Richard M. Johnson, in pro. per.

Earl Fáircloth, Atty. Gen., and John S. Burton, Asst. Atty. Gen., for respondent.

O’CONNELL, Justice.

We have determined that the opinion filed herein on March 9, 1966 contains wording which may be misconstrued. To obviate this, on our own motion, we withdraw that opinion and enter this one in its stead.

This is an original proceeding based on a petition for habeas corpus and respondent’s return to the writ issued by this court on December 17, 1965. It appears from these documents: (1) that on January 9, 1963, petitioner entered pleas of guilty to eleven separate informations charging him with obtaining property by worthless check and/or forgery and with uttering forged instruments; (2) that he was accordingly *163adjudged guilty and sentenced to one year on each information, the sentences to he served consecutively; (3) that petitioner was without the assistance of counsel, both at the time of pleading guilty and at the time of sentencing; (4) that on about January 10, 1964, the petitioner moved under Criminal Rule of Procedure No. 1, F.S.A. ch. 924 Appendix, to vacate all of these sentences on ground of denial of right to counsel; (5) that said motion to vacate was originally denied, on the ground that petitioner could not attack sentences not then being served; (6) that after appeal had been taken from such denial, the appellate court relinquished jurisdiction, whereupon the trial court, in February, 1965, granted the motion as to the first of the consecutive sentences, which was the one then being served, but denied it as to the remaining sentences on the ground that they could not be attacked under a Rule One motion because they were not then being served; and (7) that petitioner, on December 17, 1965, filed this petition for a writ of habeas corpus.

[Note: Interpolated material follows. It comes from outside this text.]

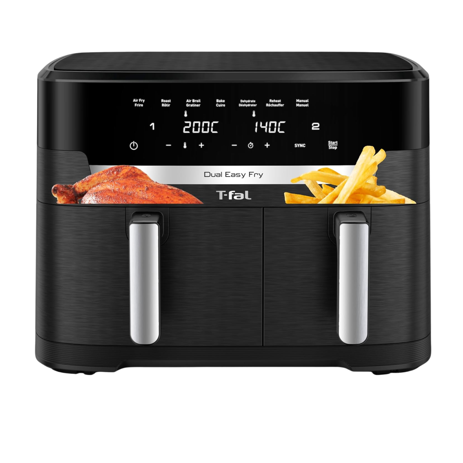 Discover the T-Fal Dual Easy Fry XXL, the ultimate dual basket air fryer with an impressive 11L total capacity divided into 2 baskets for versatile cooking. Perfect for families, it features a 6.5L drawer for large meals like a 2 kg roast and a 4.5L drawer for sides like crispy fries, serving 8-10 people. With 7 pre-set cooking modes, you can air fry, roast, bake, broil, dehydrate, toast, or customize with manual settings. Advanced 360° air circulation and Extra Crisp Technology deliver perfectly golden results with little to no added oil. Cook two dishes at once using synchronized settings, and enjoy effortless cleanup with dishwasher-safe drawers and grids. Get inspired with delicious recipes available on the T-Fal app, and make every meal easier and healthier.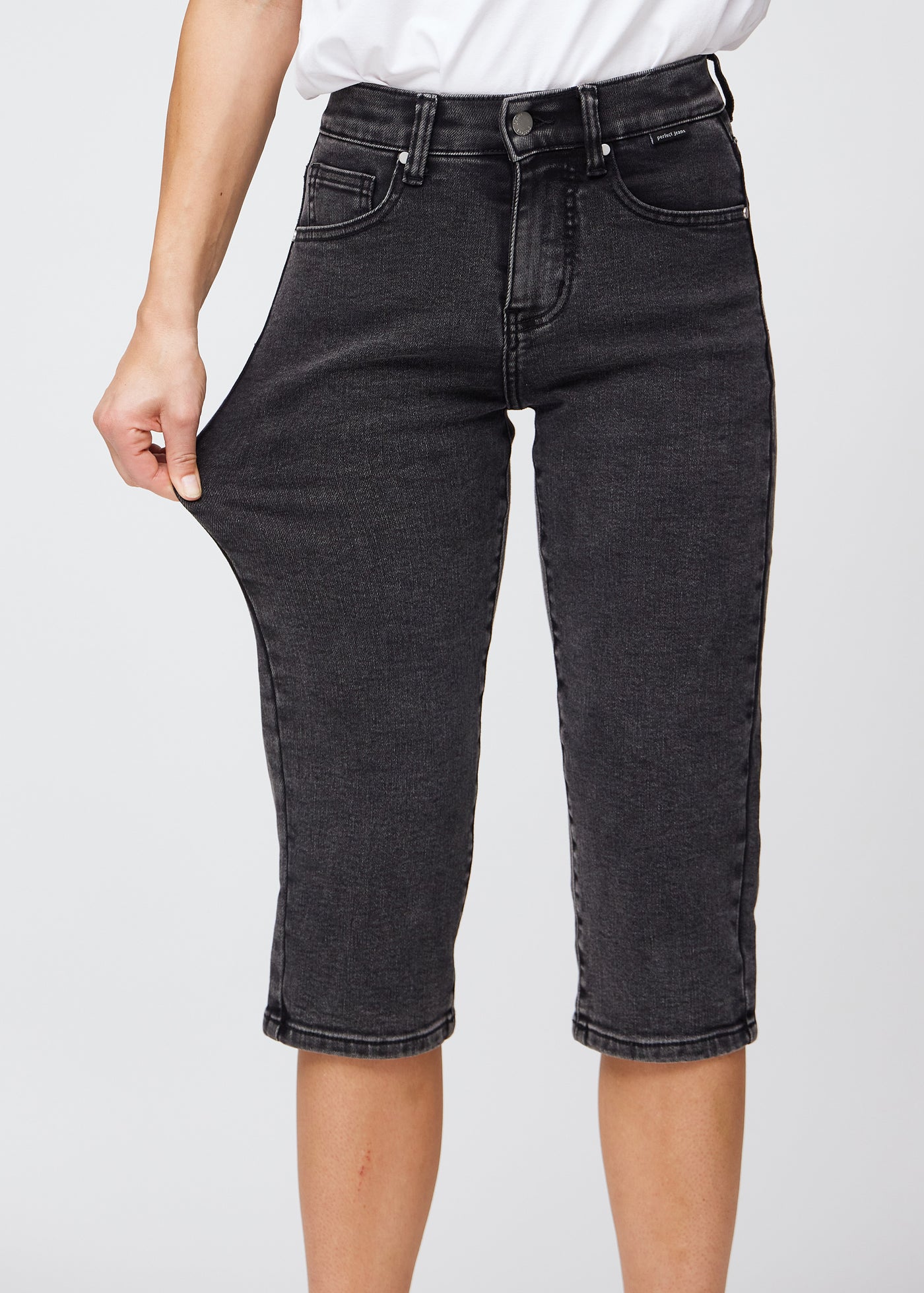 Perfect Capris - Regular - Shadows are the perfect dark gray regular capris for women, in a beautiful denim look. Here you get our innovative denim with lots of comfort and freedom of movement. Our dark gray regular capris are ¾ length and go just below the knee. They are tight at the waist, while they are looser at the hips and around the thigh. The modern gray denim capris are high-waisted and are designed with two deep pockets both in the front and back. With unmatched mobility, they are perfect for any lifestyle.

These circumstances require us to determine whether our Rule of Criminal Procedure No. 1 authorizes a motion attacking a series of consecutive sentences when no other presumptively valid sentence against the same individual is outstanding. Following is the relevant portion of that rule:

“A prisoner in custody under Sentence of a court established by the Laws of Florida claiming the right to be released upon the ground that the sentence was imposed in violation of the Constitution or Laws of the United States, or of the State of Florida, or that the court was without jurisdiction to impose such sentence, or that the sentence was in excess of the maximum authorized by law, or is otherwise subject to collateral attack, may move the court which imposed the sentence to vacate, set aside or correct the sentence.”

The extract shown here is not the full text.